To do ▸ The line with "Glow Miami Sunset podle" starts the range, and the last line of the listing ends it. Retype that range exactly, without pictures.

<<<<

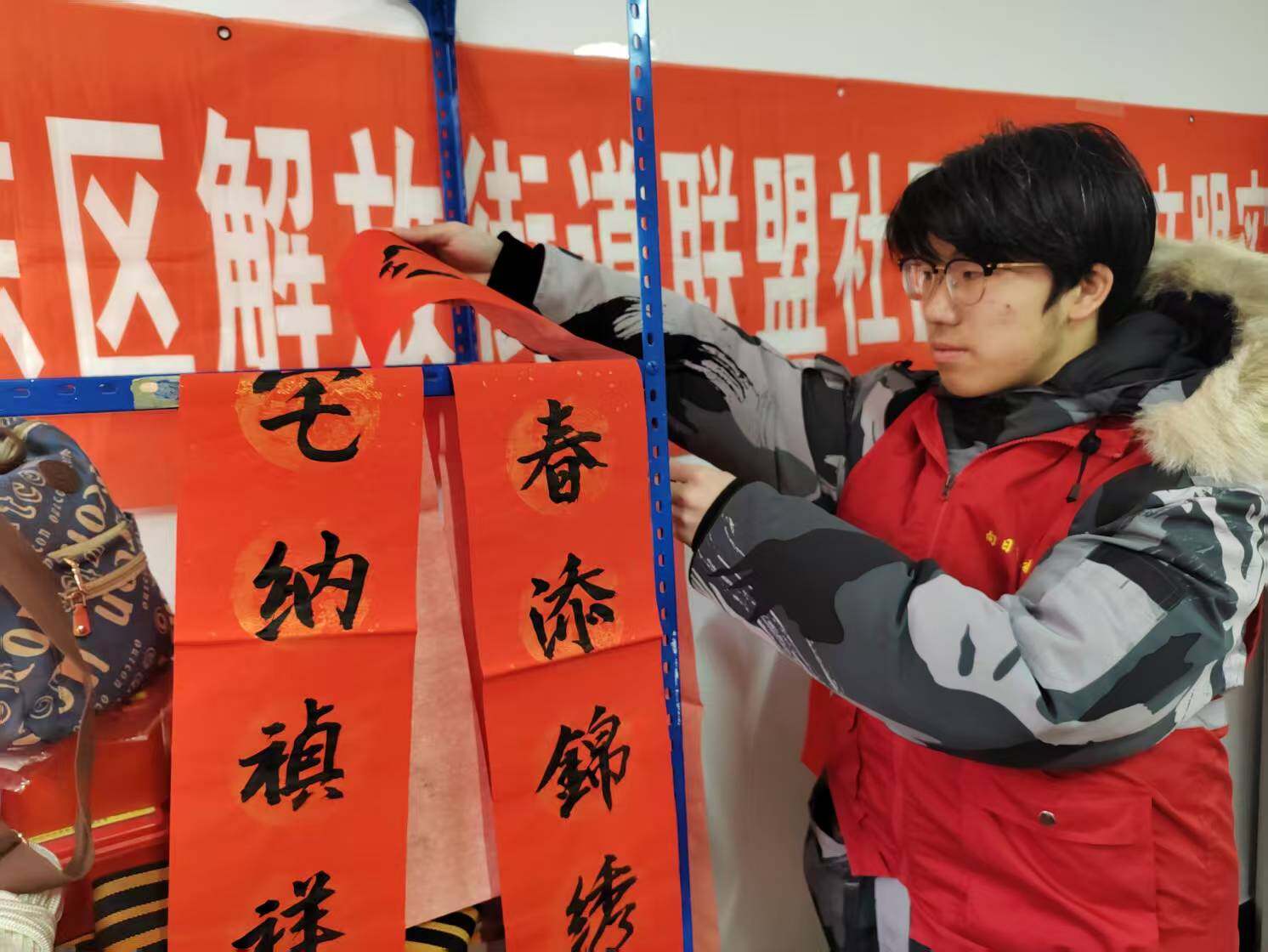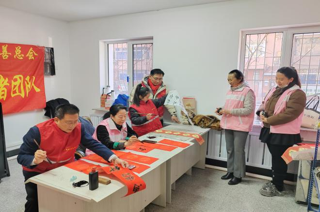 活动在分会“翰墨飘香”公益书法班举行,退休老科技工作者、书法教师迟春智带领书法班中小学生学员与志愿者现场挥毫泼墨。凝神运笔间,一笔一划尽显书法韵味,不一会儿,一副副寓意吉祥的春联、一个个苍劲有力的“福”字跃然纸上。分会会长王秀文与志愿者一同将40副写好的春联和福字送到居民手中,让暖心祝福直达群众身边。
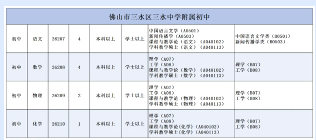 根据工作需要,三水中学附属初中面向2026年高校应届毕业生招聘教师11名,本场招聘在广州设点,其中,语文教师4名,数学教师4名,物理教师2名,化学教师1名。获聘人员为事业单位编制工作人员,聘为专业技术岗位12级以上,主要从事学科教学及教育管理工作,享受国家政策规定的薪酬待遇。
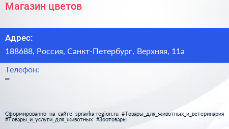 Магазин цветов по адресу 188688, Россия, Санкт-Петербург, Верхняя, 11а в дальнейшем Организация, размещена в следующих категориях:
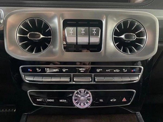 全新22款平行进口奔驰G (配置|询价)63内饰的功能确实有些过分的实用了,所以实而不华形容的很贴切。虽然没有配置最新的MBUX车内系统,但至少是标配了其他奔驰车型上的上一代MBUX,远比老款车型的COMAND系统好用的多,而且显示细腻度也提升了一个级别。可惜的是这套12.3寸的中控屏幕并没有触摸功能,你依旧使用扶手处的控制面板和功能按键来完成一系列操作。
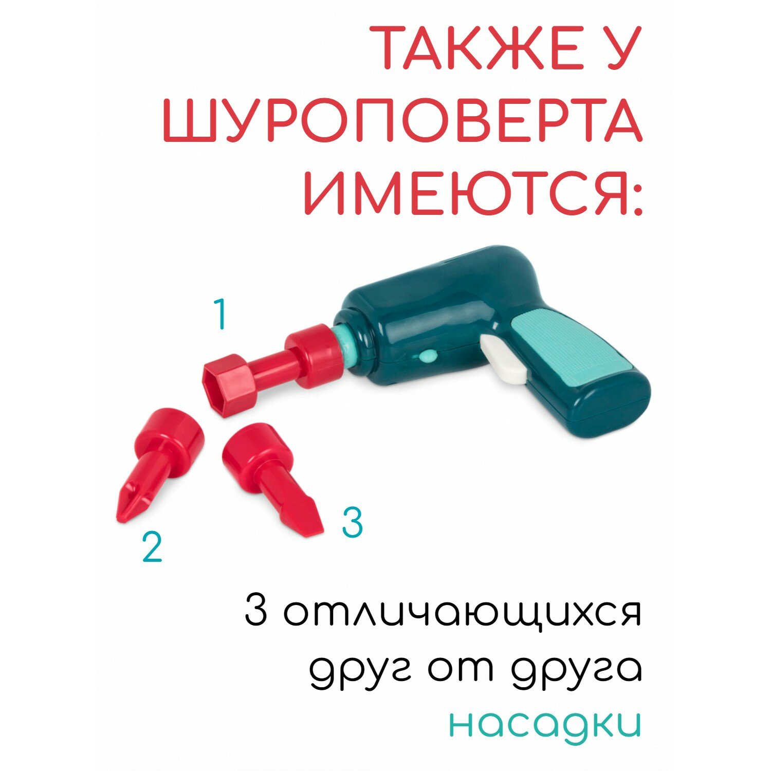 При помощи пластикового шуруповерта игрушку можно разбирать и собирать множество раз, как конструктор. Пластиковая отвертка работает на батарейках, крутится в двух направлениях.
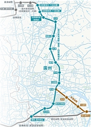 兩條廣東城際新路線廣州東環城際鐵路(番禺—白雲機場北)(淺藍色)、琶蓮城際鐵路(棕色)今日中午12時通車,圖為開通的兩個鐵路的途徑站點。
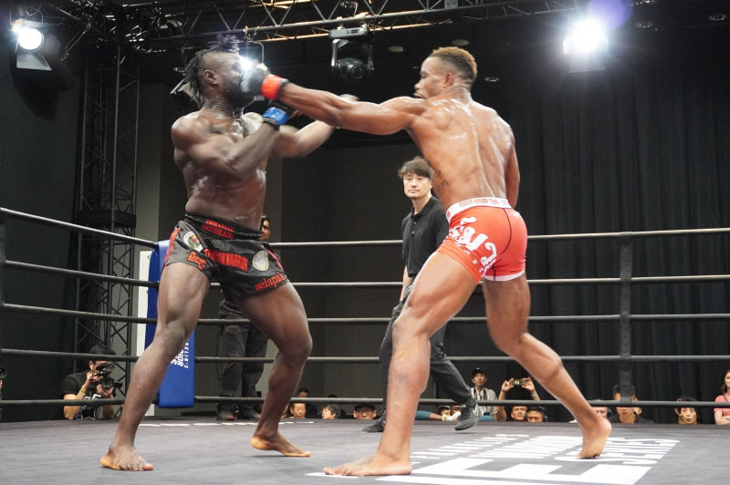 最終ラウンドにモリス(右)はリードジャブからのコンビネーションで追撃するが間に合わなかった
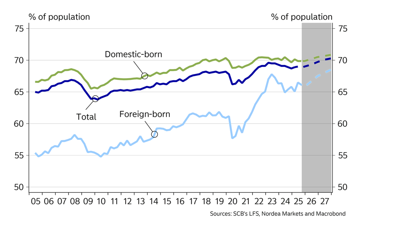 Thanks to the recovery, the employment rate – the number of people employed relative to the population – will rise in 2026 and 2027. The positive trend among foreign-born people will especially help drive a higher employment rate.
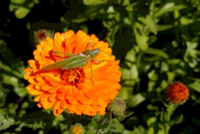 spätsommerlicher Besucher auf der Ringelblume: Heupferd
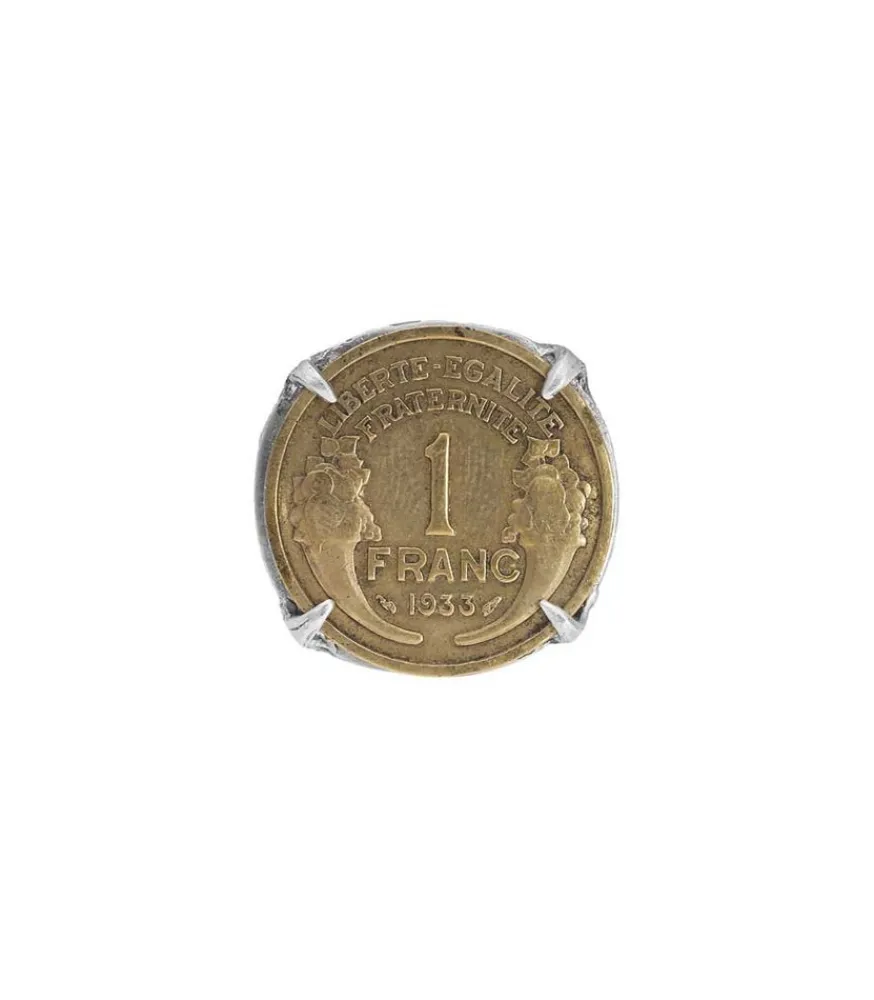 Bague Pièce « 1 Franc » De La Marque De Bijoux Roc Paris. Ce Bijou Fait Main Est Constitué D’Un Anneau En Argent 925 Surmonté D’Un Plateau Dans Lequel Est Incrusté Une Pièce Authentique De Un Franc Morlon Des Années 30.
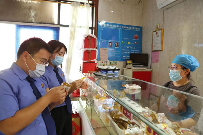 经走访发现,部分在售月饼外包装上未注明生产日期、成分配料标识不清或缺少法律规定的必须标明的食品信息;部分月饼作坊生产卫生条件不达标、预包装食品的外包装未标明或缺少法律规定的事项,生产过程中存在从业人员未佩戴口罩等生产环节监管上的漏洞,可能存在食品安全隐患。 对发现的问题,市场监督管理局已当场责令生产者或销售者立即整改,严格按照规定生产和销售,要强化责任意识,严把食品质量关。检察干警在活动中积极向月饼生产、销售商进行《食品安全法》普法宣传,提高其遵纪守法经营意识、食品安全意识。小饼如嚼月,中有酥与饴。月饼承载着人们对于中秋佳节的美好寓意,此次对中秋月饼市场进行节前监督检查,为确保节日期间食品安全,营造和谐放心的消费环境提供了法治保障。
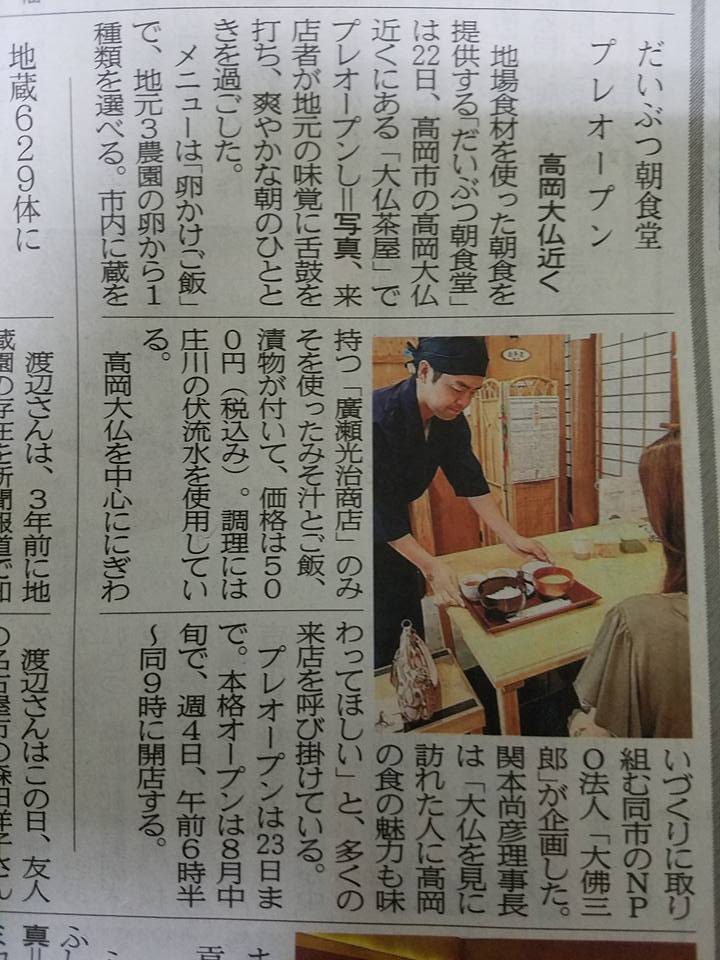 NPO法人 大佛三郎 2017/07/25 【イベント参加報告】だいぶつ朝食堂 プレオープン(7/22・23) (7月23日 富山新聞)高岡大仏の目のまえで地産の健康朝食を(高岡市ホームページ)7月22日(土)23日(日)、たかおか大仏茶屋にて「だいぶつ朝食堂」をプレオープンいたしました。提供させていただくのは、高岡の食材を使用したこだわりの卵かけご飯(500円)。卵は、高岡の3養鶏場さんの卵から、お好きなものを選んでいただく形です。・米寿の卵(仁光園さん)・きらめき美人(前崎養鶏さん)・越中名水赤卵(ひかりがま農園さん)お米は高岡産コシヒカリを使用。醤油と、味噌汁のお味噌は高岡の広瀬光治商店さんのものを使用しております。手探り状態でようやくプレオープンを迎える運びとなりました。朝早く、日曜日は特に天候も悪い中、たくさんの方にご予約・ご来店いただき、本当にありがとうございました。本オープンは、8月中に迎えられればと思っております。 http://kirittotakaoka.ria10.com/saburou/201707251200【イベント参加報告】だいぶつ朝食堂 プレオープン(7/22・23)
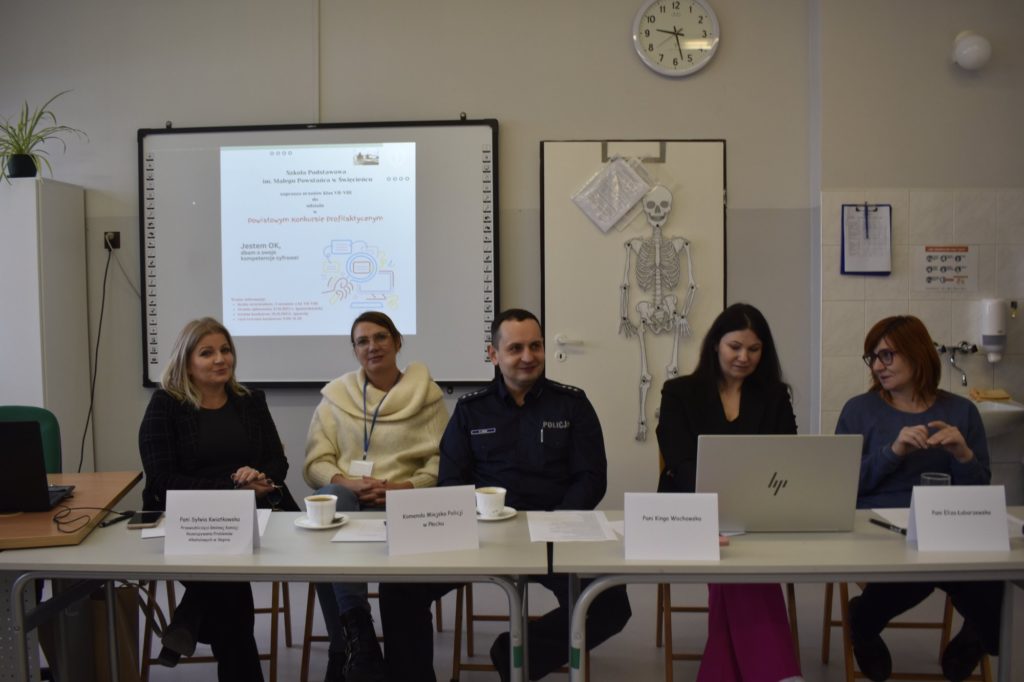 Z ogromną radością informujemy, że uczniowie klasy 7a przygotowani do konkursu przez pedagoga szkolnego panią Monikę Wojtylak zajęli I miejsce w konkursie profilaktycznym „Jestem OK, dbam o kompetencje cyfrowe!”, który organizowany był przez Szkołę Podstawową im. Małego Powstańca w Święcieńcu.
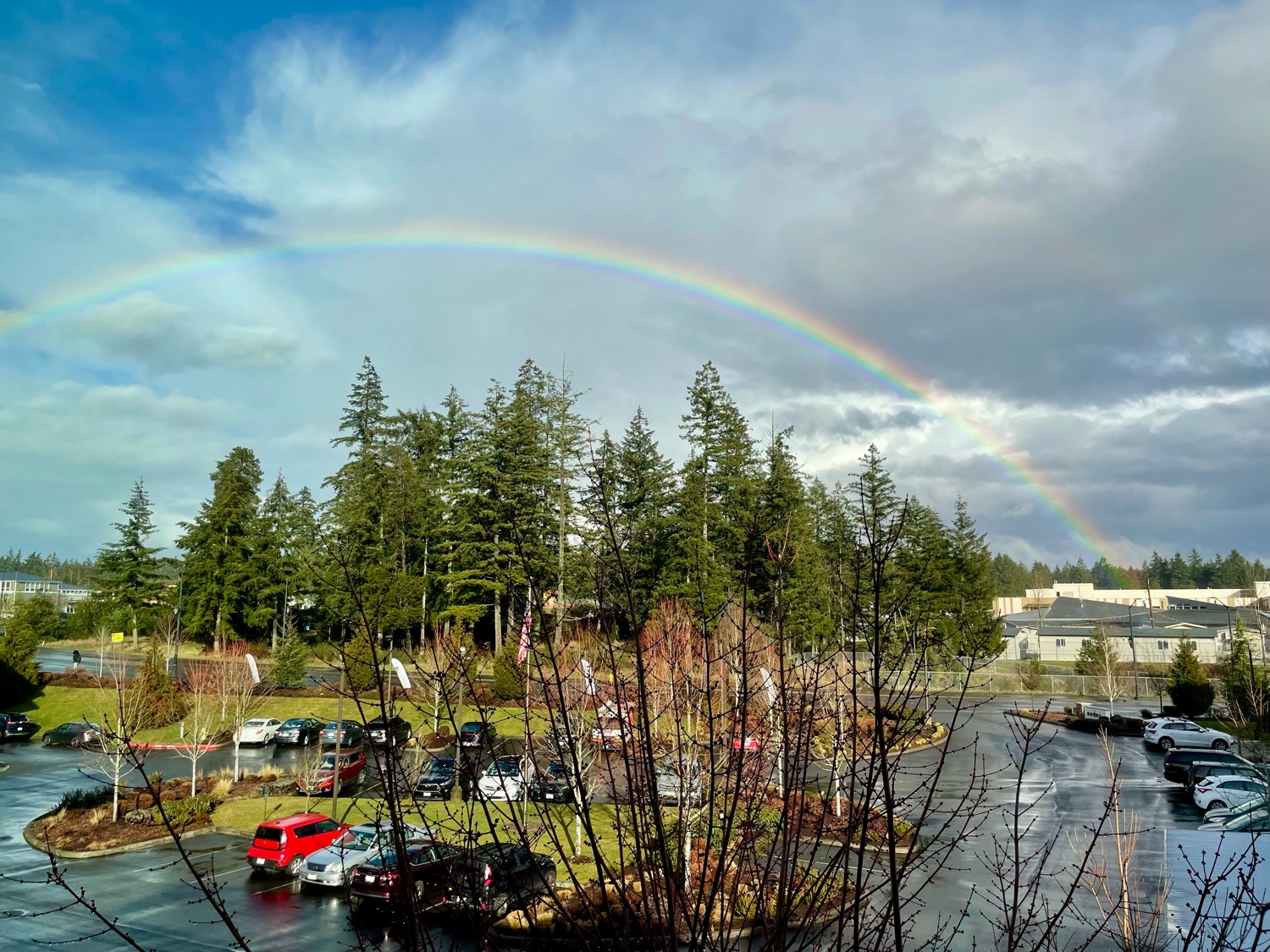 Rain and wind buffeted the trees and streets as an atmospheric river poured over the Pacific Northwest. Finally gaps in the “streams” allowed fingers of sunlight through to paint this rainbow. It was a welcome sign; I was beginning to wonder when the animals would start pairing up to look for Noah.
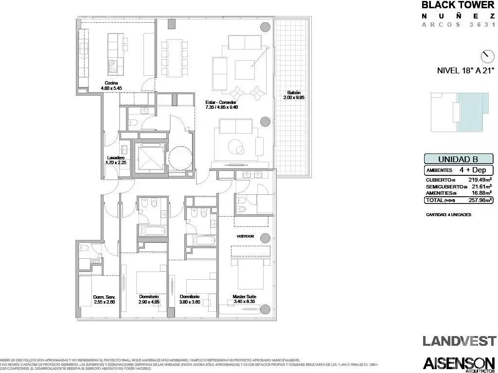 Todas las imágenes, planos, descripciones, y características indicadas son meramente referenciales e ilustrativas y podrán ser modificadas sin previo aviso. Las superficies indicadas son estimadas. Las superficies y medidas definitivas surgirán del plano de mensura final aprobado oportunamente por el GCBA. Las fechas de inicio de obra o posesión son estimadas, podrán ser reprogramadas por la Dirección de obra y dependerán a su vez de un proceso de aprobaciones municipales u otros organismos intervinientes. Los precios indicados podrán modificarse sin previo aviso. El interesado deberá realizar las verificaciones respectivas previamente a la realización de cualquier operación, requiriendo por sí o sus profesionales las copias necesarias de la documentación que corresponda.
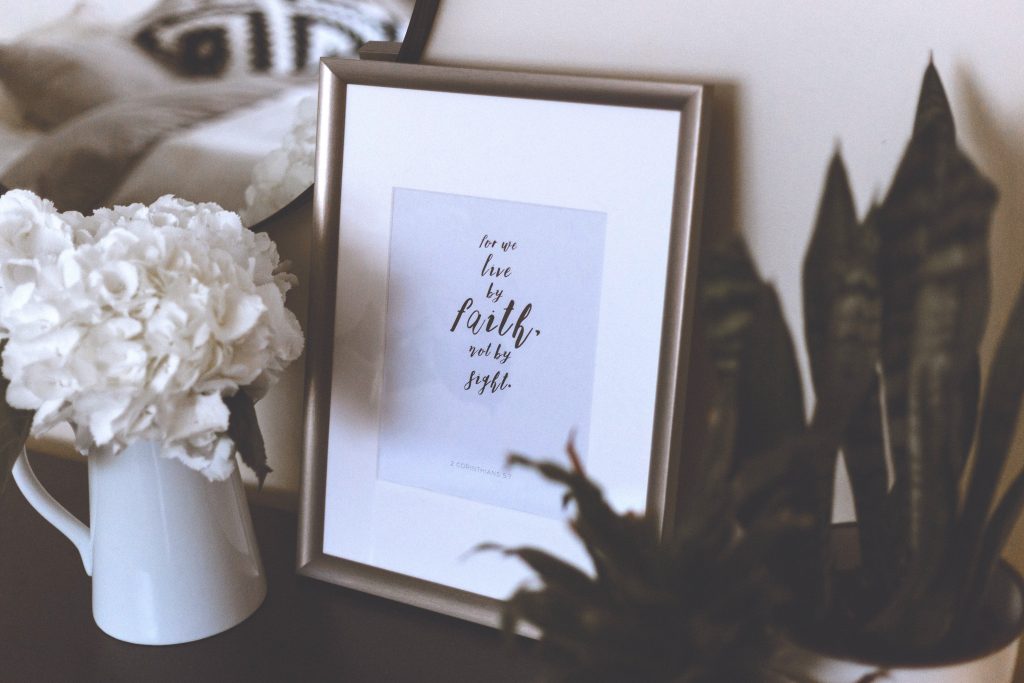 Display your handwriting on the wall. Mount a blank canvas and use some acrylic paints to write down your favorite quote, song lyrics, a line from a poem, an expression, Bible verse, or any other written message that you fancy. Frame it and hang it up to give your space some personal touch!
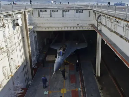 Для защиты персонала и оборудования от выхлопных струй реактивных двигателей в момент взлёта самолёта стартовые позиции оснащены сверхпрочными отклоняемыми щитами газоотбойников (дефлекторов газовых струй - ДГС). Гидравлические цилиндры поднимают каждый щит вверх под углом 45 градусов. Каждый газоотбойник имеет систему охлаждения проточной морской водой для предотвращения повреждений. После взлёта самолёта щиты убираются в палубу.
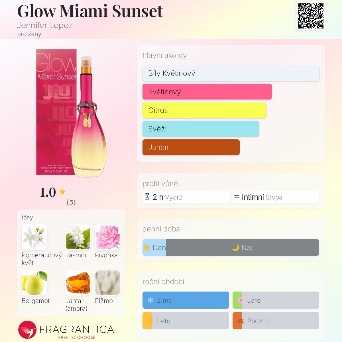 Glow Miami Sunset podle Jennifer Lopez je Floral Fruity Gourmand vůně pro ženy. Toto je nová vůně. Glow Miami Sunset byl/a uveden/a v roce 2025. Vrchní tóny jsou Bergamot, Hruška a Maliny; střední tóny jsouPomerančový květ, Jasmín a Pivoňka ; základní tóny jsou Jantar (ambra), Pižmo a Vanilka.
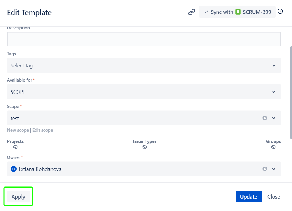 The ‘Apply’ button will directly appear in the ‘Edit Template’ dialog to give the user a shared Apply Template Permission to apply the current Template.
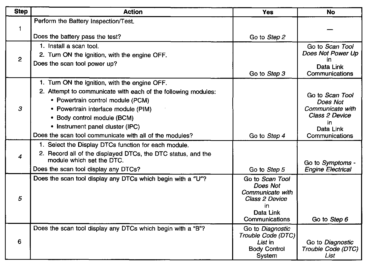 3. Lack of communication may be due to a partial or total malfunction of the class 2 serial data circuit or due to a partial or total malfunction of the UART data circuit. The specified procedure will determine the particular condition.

>>>>

Response ▸
 Glow Miami Sunset podle Jennifer Lopez je Floral Fruity Gourmand vůně pro ženy. Toto je nová vůně. Glow Miami Sunset byl/a uveden/a v roce 2025. Vrchní tóny jsou Bergamot, Hruška a Maliny; střední tóny jsouPomerančový květ, Jasmín a Pivoňka ; základní tóny jsou Jantar (ambra), Pižmo a Vanilka.
 The ‘Apply’ button will directly appear in the ‘Edit Template’ dialog to give the user a shared Apply Template Permission to apply the current Template.
 3. Lack of communication may be due to a partial or total malfunction of the class 2 serial data circuit or due to a partial or total malfunction of the UART data circuit. The specified procedure will determine the particular condition.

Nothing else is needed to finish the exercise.